▶ What is being asked
Consider the listing below. Extract exactly the lines from the line containing "Это цифровой файл" to the line containing "Elevate your style", both included.

━━ Records supplied ━━

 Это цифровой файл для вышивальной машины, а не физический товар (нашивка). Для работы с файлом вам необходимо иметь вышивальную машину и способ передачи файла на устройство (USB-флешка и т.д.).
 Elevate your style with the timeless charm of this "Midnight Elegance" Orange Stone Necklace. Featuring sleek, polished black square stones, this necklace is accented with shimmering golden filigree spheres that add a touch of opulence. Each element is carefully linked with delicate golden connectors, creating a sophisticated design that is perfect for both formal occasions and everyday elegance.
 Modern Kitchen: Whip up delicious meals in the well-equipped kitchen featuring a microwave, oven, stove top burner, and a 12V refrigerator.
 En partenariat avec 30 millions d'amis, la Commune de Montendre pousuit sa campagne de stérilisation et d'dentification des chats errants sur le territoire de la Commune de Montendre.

━━━
━━ Records supplied ━━

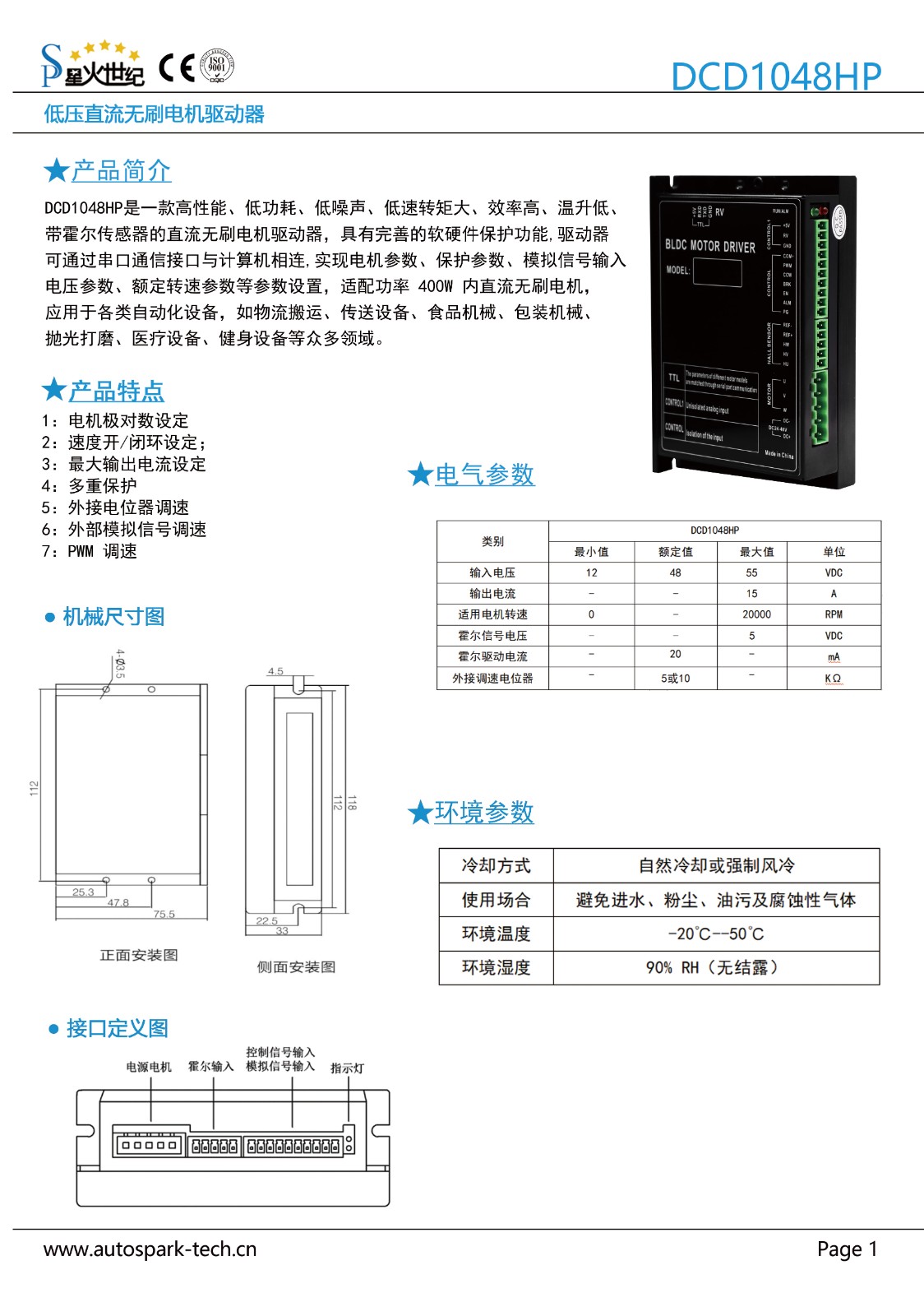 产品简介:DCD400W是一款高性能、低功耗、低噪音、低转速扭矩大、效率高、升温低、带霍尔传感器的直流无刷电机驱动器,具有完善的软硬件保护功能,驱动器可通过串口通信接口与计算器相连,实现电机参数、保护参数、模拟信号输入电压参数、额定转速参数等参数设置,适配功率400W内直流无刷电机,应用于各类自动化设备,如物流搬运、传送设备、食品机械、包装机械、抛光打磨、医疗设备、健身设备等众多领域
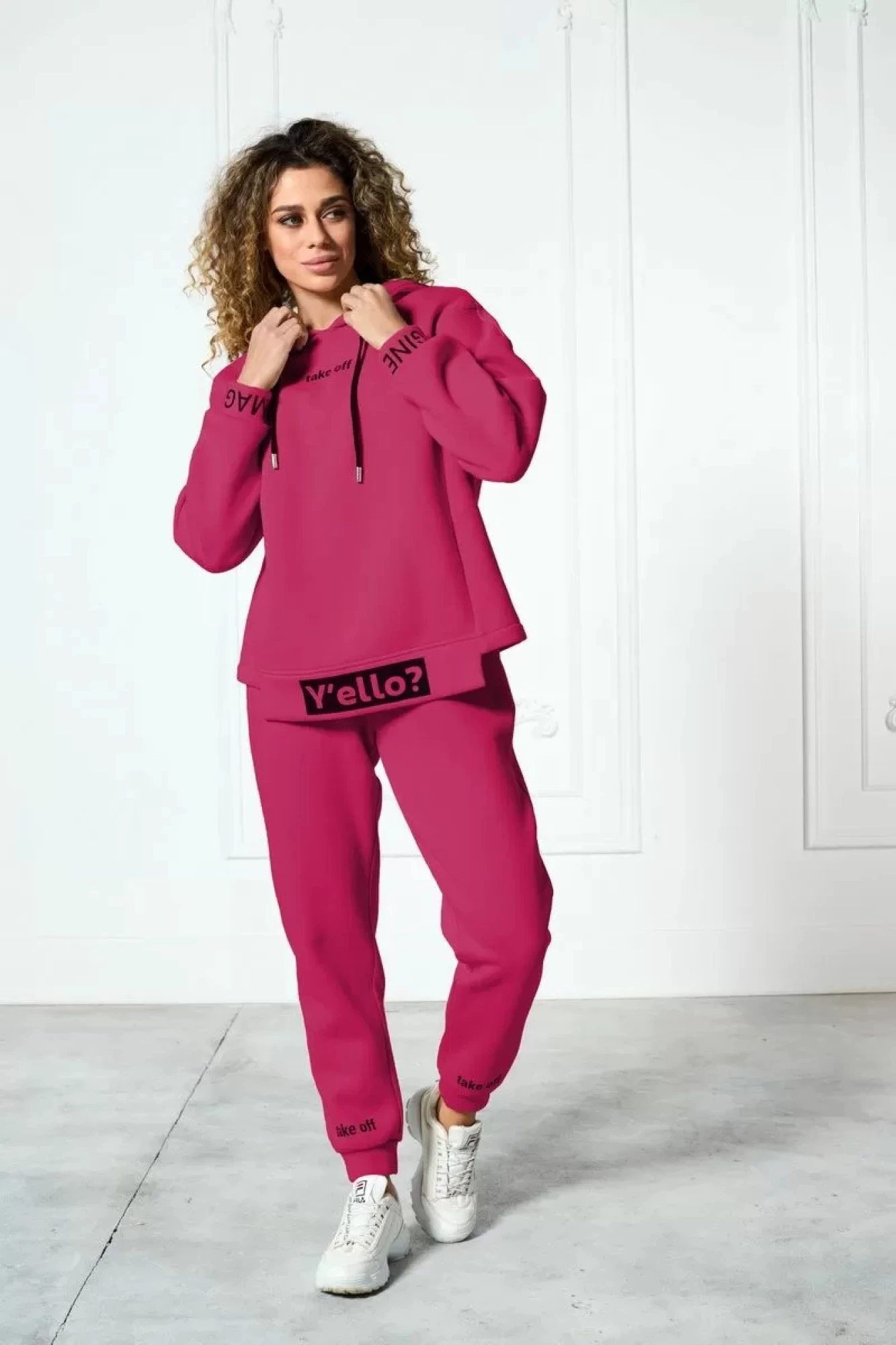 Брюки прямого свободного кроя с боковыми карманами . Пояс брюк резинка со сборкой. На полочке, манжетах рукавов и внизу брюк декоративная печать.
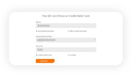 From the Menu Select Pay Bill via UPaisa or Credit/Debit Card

━━━
━━ Records supplied ━━

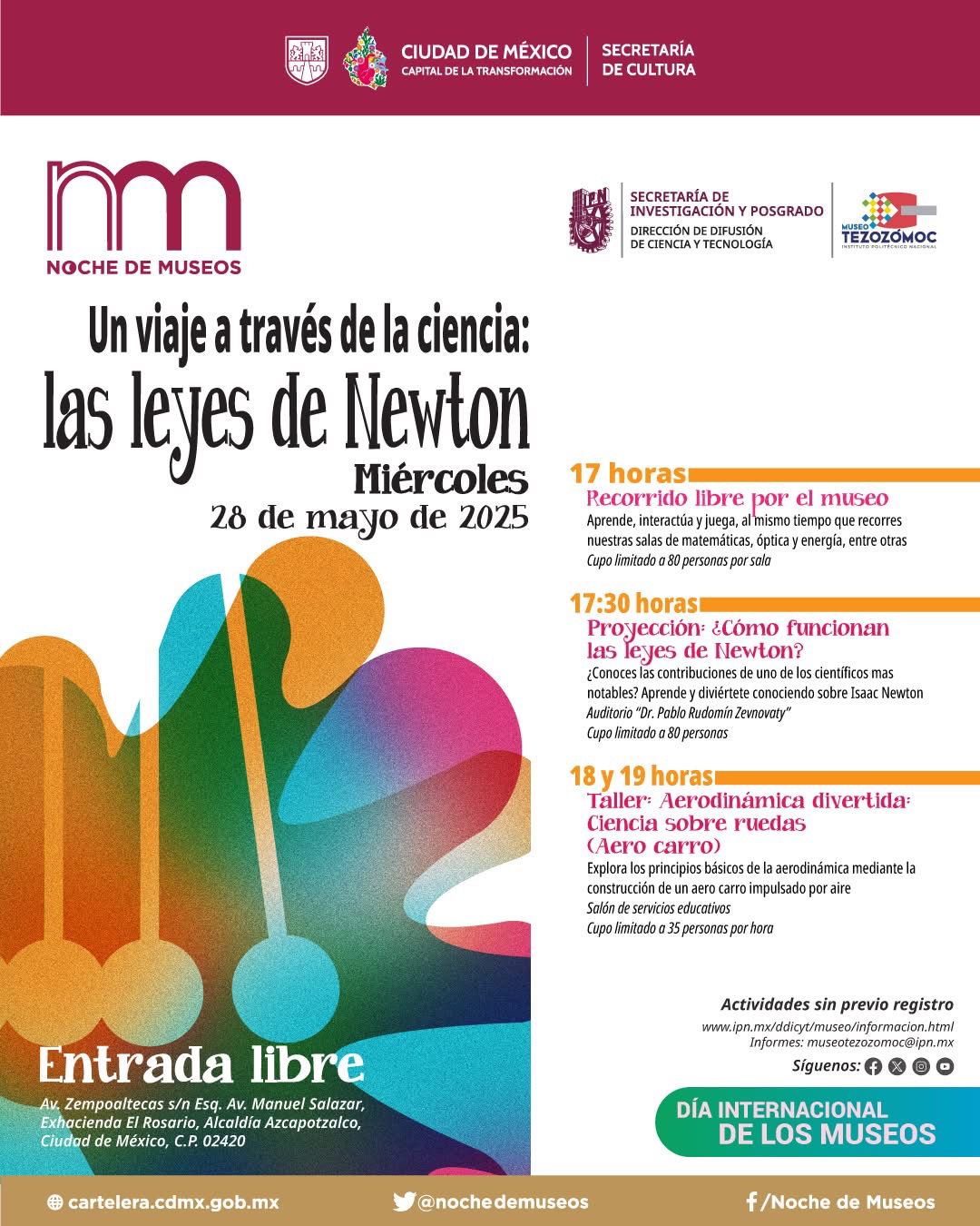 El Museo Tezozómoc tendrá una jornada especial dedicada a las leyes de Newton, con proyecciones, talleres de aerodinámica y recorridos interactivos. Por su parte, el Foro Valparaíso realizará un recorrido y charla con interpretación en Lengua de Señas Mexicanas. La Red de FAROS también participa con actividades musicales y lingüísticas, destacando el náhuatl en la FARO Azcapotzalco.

━━━

▶ Completed task
 Это цифровой файл для вышивальной машины, а не физический товар (нашивка). Для работы с файлом вам необходимо иметь вышивальную машину и способ передачи файла на устройство (USB-флешка и т.д.).
 Elevate your style with the timeless charm of this "Midnight Elegance" Orange Stone Necklace. Featuring sleek, polished black square stones, this necklace is accented with shimmering golden filigree spheres that add a touch of opulence. Each element is carefully linked with delicate golden connectors, creating a sophisticated design that is perfect for both formal occasions and everyday elegance.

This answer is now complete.